Climate Change Posing Serious Threat to Pakistan’s Wildlife

WWF-Pakistan issued a press release issued for World Wildlife Conservation Day on 4 December 2022, highlighting that “climate change is one of the key challenges confronting wildlife in Pakistan”.

“It damages the habitat, reduces food availability, causes migration, and is likely to lead to the disappearance of various wild species in the country. We need to assess the adverse impacts of climate change on threatened animals, including resident and migratory birds, marine and freshwater dolphins, snow and common leopards, smooth-coated otters, and pangolins, among others,” it read.

Recent climatic events such as floods and widespread rains, coupled with drought and wildfires, have damaged wildlife habitats and posed a serious threat to the wild species.

In addition to climate change, other factors which cause a decline in wildlife include illegal wildlife trade and hunting, human-wildlife conflict, unsustainable development, habitat loss and encroachment, and water pollution.

The theme of the day for this year is ‘Recovering Key Species for Ecosystem Restoration.’ This calls for taking practical steps to contribute towards nature conservation and restoration of wildlife in their natural habitat. All relevant government departments, conservation organizations, and local communities should come forward and show a strong commitment to the conservation and protection of threatened species. The robust planning, implementation, and on-ground conservation efforts can help restore wildlife.

Sharing his views on the day, WWF-Pakistan’s Senior Director of Biodiversity, Rab Nawaz, stated “Unfortunately, despite several initiatives to save biodiversity in Pakistan, we have lost several species in the recent past and are about to lose others. Not many people will realize that animals such as the gharial, despite being seen as recently as 1985, are probably lost now.
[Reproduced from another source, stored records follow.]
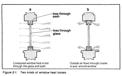 Infiltration losses are difficult to measure precisely, yet they can be very significant. A single-glazed window that is loose and poorly fitted can lose twice as much heat through the air cracks (or through infiltration) than through the glass area itself (or through conduction) (see Figures 2-1 a and 2-1b). The amount of heat lost by air leakage depends not only on the size of the cracks around the sash and frame, but also on the outside wind speed and direction. Table AIV-1 in Appendix IV shows the number of cubic feet of air flow per linear foot of crack for several different types of sash treatments and wind speeds.
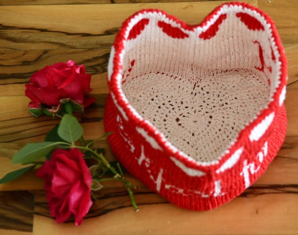 Der herzförmige Boden des Körbchens wird gehäkelt, die Korbwand wird in Doubleface gestrickt. In der Anleitung gibt es neben der klassischen Doubleface Variante auch eine erweiterte Version, in der die Schrift auf beiden Seiten richtig herum erscheint! Damit kann der Korb sogar beidseitig verwendet werden.
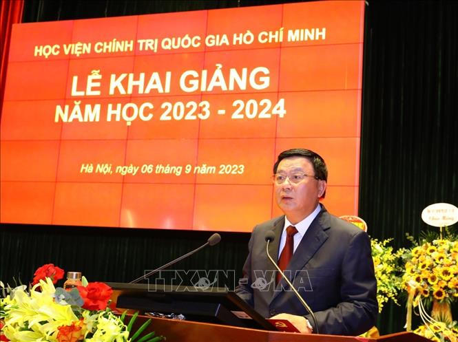 Sáng 6/9, tại Hà Nội, Học viện Chính trị quốc gia Hồ Chí Minh tổ chức khai giảng năm học 2023-2024 theo hình thức trực tiếp kết hợp trực tuyến, với các điểm cầu tại 5 học viện trực thuộc và trường chính trị ở các tỉnh, thành phố trong cả nước.
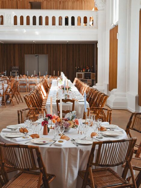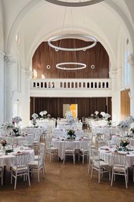 Spacieuse et lumineuse, la salle de la Chapelle permet de nombreuses configurations pour les mariages et grandes réceptions. Sous un plafond voûté, entre vitraux colorés et colonnes imposantes, cette salle offre une atmosphère à la fois solennelle et élégante.

This crocodile, harmless to man, was hunted to extinction due to its perceived threat to fish stocks”.

“The population in neighboring countries also faced similar threats but awareness campaigns and re-introduction schemes have seen the successful return of this strange-looking animal back into the water bodies,” he added.
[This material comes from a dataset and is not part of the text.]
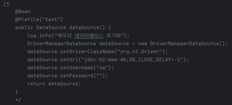 DataSource 빈 생성 코드를 모두 주석처리하고 테스트를 실행해보자

Nawaz also called on the relevant government departments to take steps to conserve and improve the dwindling population of threatened species.
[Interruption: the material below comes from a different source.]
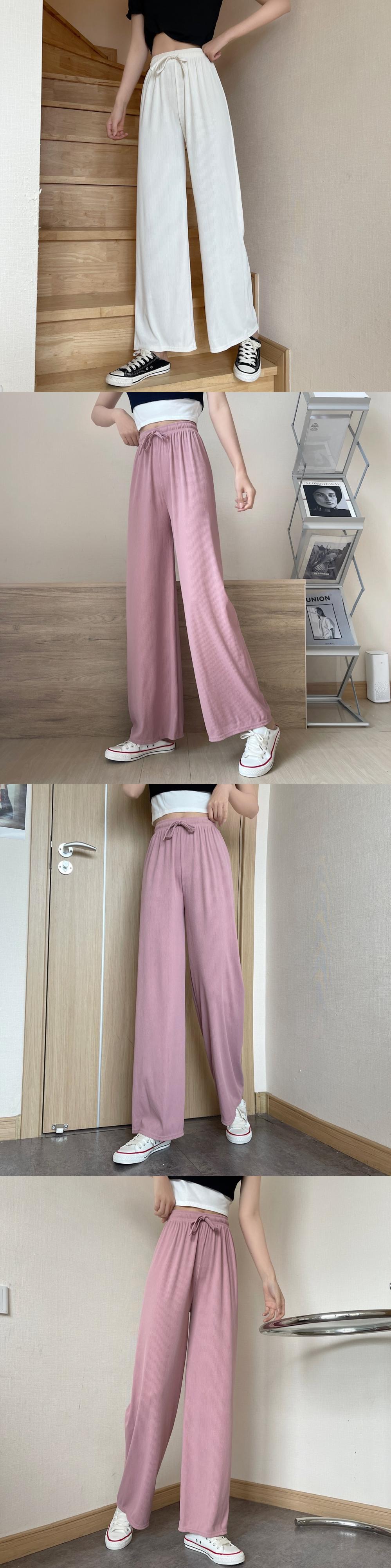 ハイウェストパンツ レディース薄手カジュアルニット ピンク ウエスト YY10150390328

In spite of the challenges, there are a few conservation success stories in Pakistan’s context, where community-led and coordinated conservation efforts have helped to enhance the population of several endangered wildlife species and their habitats.

“As a result of the continued efforts of Sindh Wildlife Department, WWF-Pakistan, and local fisher communities, the population of the Indus River dolphin, an endemic and endangered species of river cetacean, has almost doubled in the past two decades. Markhor populations have also rebounded from the 1980s and though they are restricted to national parks and community-managed reserves, they are nonetheless viable populations, and all the sub-species are doing well,” Nawaz pointed out.

Pakistan is home to rare, unique, and iconic wildlife species such as the snow leopard, the markhor, the brown bear, the Indus River dolphin, freshwater turtles, and many others. WWF-Pakistan, in collaboration, with relevant government departments, corporations, academia, local organizations, and communities is working on different conservation initiatives and raising awareness about the country’s wildlife and biodiversity.